JAX Featured

Elegy(High-level API for deep learning in JAX & Flax)

Derrick Mwiti

Aug 20, 2022 • 6 min read

Training deep learning networks in Flax is done in a couple of steps. It involves creating the following functions:

Model definition.
Compute metrics.
Training state.
Training step.
Training and evaluation function.

Flax and JAX give more control in defining and training deep learning networks. However, this comes with more verbosity. Enter Elegy.
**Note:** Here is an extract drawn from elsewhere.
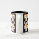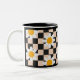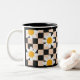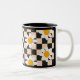 Daisy Coffee Mug with a chequerboard background in colours of yellow, white, and black.
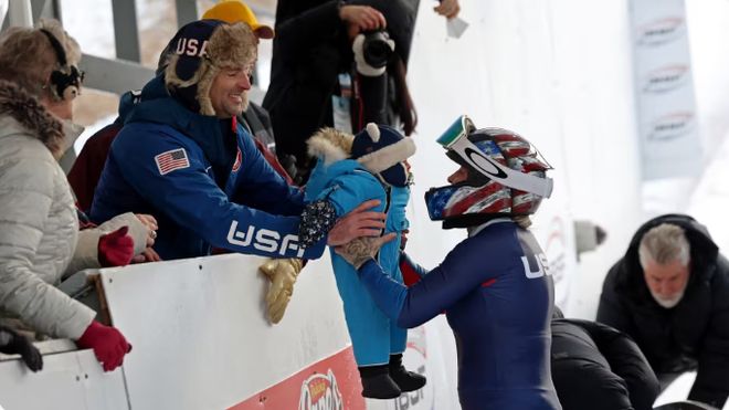 国际雪橇联合会世界锦标赛上的一张照片展示了美国雪车运动员Kaillie Armbruster Humphries怀抱新生儿的情景。

Elegy is a high-level API for creating deep learning networks in JAX. Elegy's API is like the one in Keras.

Let's look at how to use Elegy to define and train deep learning networks in Flax.

Data pre-processing

To make this illustration concrete, we'll use the movie review data from Kaggle to create an LSTM network in Flax.
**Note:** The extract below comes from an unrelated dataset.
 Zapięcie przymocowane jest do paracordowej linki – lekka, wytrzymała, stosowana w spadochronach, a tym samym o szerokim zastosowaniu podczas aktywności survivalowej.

The first step is to download and extract the data.

import os
import kaggle
# Obtain from https://www.kaggle.com/username/account
os.environ["KAGGLE_USERNAME"]="KAGGLE_USERNAME"
os.environ["KAGGLE_KEY"]="KAGGLE_KEY"
!kaggle datasets download lakshmi25npathi/imdb-dataset-of-50k-movie-reviews
import zipfile
with zipfile.ZipFile('imdb-dataset-of-50k-movie-reviews.zip', 'r') as zip_ref:
    zip_ref.extractall('imdb-dataset-of-50k-movie-reviews')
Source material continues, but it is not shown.